Con il primo motivo di ricorso si denunzia un vizio di motivazione:

la contraddittorietà della sentenza per il fatto che posta la premessa della possibile inquadrabilità del rapporto tanto nella fattispecie astratta del lavoro subordinatocene in quella del lavoro autonomo, la Corte ha poi scelto la prima soluzione “senza aver dato conto del motivo per il quale ha operato tale scelta”. A ciò si aggiunge che la Corte avrebbe a tal fine considerato comportamenti della società successivi alla estinzione del rapporto.

Non vi è alcuna contraddittorietà nel ragionamento della Corte, sotto nessun profilo. E’ lineare affermare che anche questo rapporto come molti altri può essere valutato come subordinato o autonomo a seconda del quadro indiziario che lo connota. Non è vero che la Corte ha poi scelto una delle due opzioni senza dare conto delle ragioni per cui l’ha fatto e degli elementi su cui ha basato il suo giudizio. Il fatto, infine, che alcuni di questi elementi siano successivi alla formulazione delle rivendicazioni da parte dell’ A. non altera la linearità del ragionamento, sia perchè si tratta solo di alcuni dei molteplici elementi specificati ed esaminati dalla Corte, sia perchè il comportamento aziendale consistente nella regolarizzazione del rapporto e nella denunzia all’INPS, sebbene successivo alla rivendicazione, è comunque rilevante ai fini della decisione ed ha sicuramente un inequivoco ruolo indiziario.

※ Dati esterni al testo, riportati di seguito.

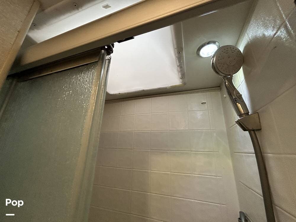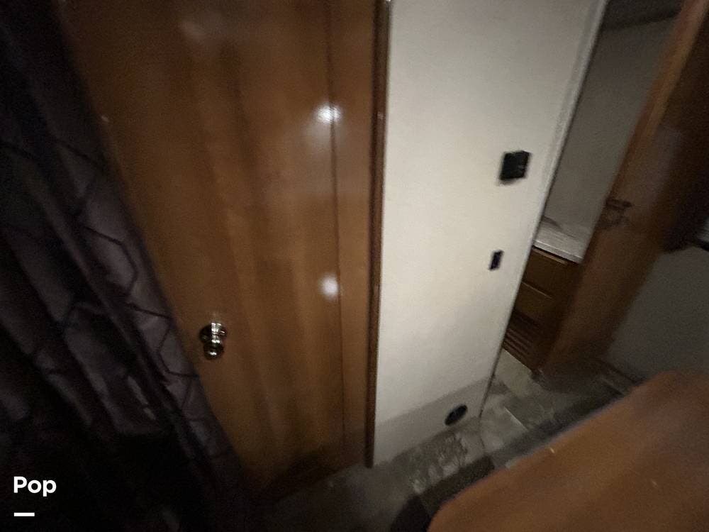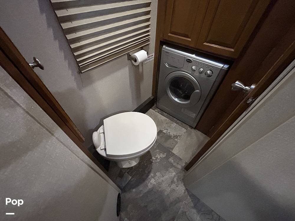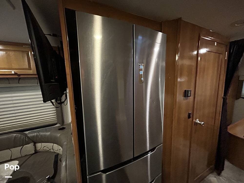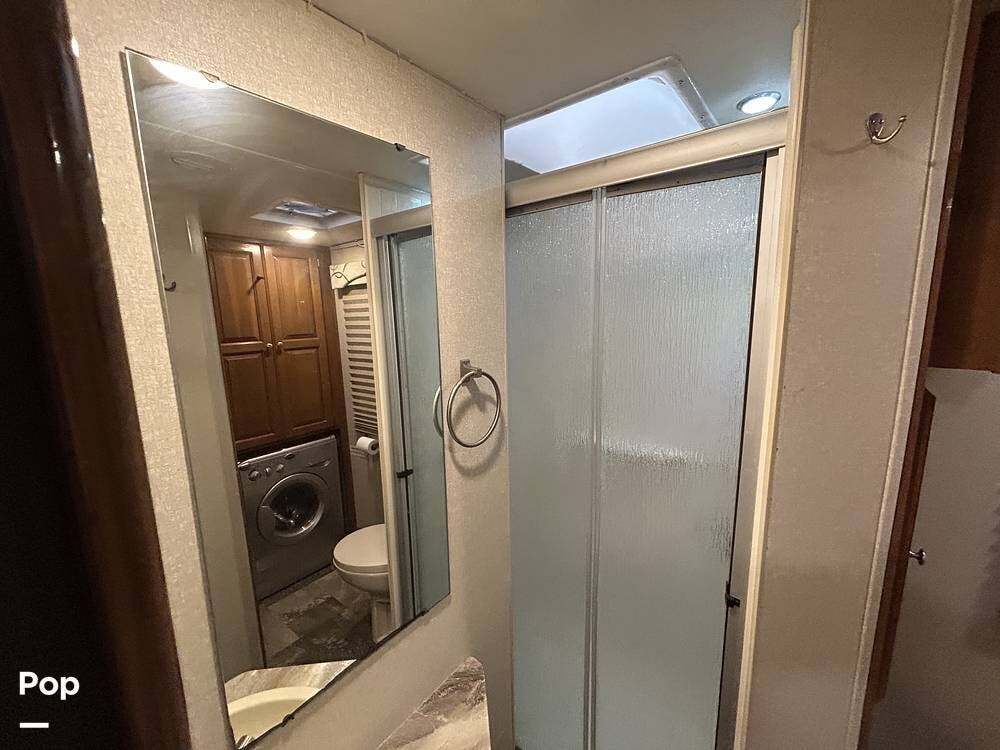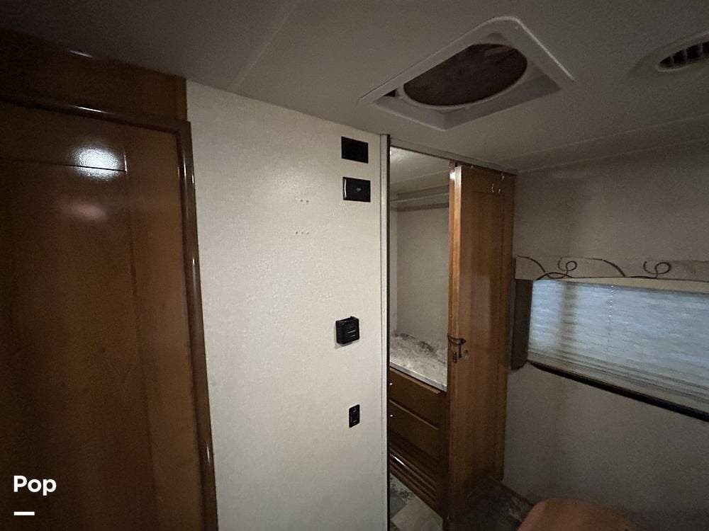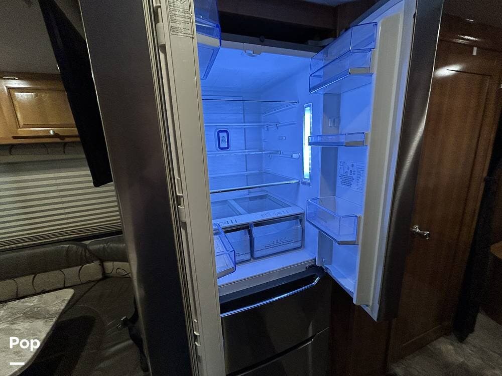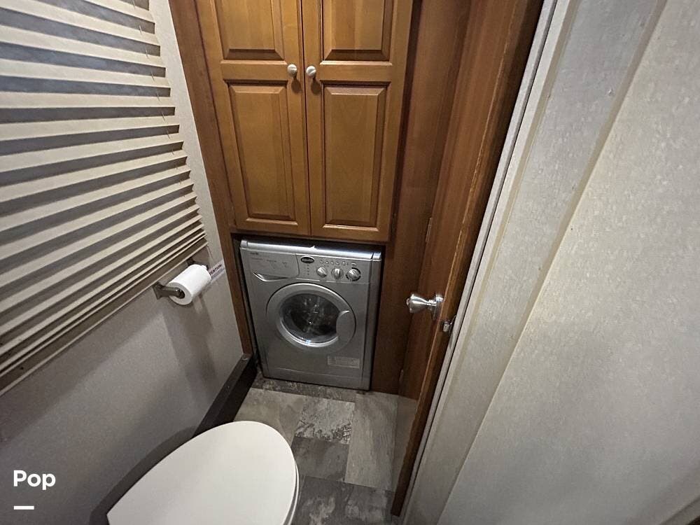 The kitchen offers plenty of space for cooking and includes a stove and oven combination, microwave, and a refrigerator/freezer. In the rear of the coach, the private bedroom features a comfortable queen-size bed, while the cab-over bunk provides additional sleeping space for guests or family.
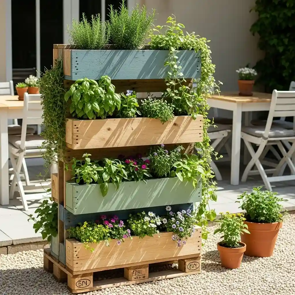 If you’re on a budget, you don’t need expensive modular systems. Using cheap landscaping ideas like upcycled wooden pallets is an eco-friendly way to go vertical.
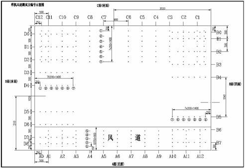 为了较为准确的确定现有除尘器内的流场分布情况,笔者对除尘器滤袋下部中箱体内同一水平面进行了风速测试,测试设备采用风速仪(量程:0~20m/s),测点分布如下图(见图3):
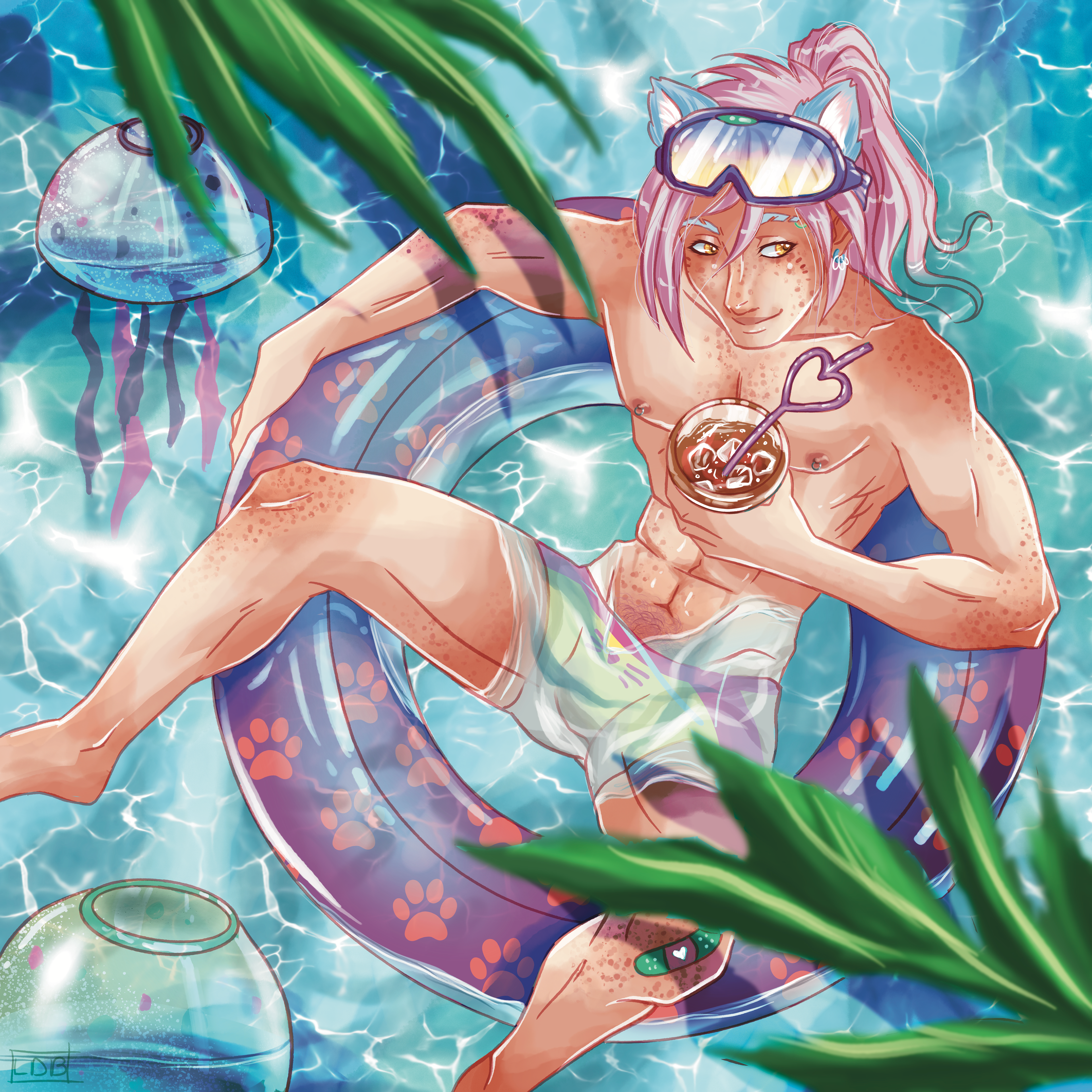 Wren kickin' it in a pool tube with some pool toys. Procreate.

La seconda parte del primo motivo ed il secondo motivo concernono la tesi, condivisa dal giudice di primo grado, per cui il rapporto di lavoro si sarebbe instaurato non con la società ma con un falsus procurator. Se ne trae la conclusione che la Corte d’Appello, nel giudicare diversamente dal tribunale di Tempio Pausania, avrebbe violato gli artt. 1398 e 1399 c.c.. Anche questa impugnazione è priva di fondamento. La Corte spiega puntualmente perchè il rapporto sia imputabile alla società. Le ragioni esposte sono molteplici, univoche e convergenti: l’ A. ha utilizzato mezzi aziendali; era presente nel cantiere della società, dove gli venivano affidati i camion, il materiale da consegnare e la documentazione da far firmare; C.M. (indicato come falsus procurator) è nipote dell’amministratore unico della società ed è dipendente della medesima: è la persona che firmò la dichiarazione con la quale veniva liquidata la prestazione all’ A. e gli venivano restituiti i documenti di lavoro. Inoltre, egli fu il rappresentante della società in sede di ufficio del lavoro per il tentativo di conciliazione della controversia.

La Corte, infine, da atto che nel costituirsi la società non formulò alcuna eccezione sul punto e la tesi de falsus procurator venne proposta solo a seguito delle dichiarazioni dello stesso C.M. in sede di prova testimoniale.

Non può pertanto dirsi che la decisione di secondo grado abbia violato gli artt. 1398 e 1399 c.c., perchè si deve concordare con la Corte di merito nel ritenere che il C. non fosse un rappresentante senza potere o che comunque la società con il suo comportamento non ne abbia ratificato l’operato.

Il ricorso pertanto deve essere respinto con le necessarie conseguenze in ordine alle spese.

P.Q.M.

La Corte rigetta il ricorso e condanna la srl ricorrente alla rifusione delle spese del giudizio di legittimità in favore dell’ A., liquidandole in 11,00 Euro, nonchè 3.000,00 Euro per onorari, oltre IVA, CPA e spese generali.

Così deciso in Roma, nella Camera di consiglio, il 11 novembre 2009.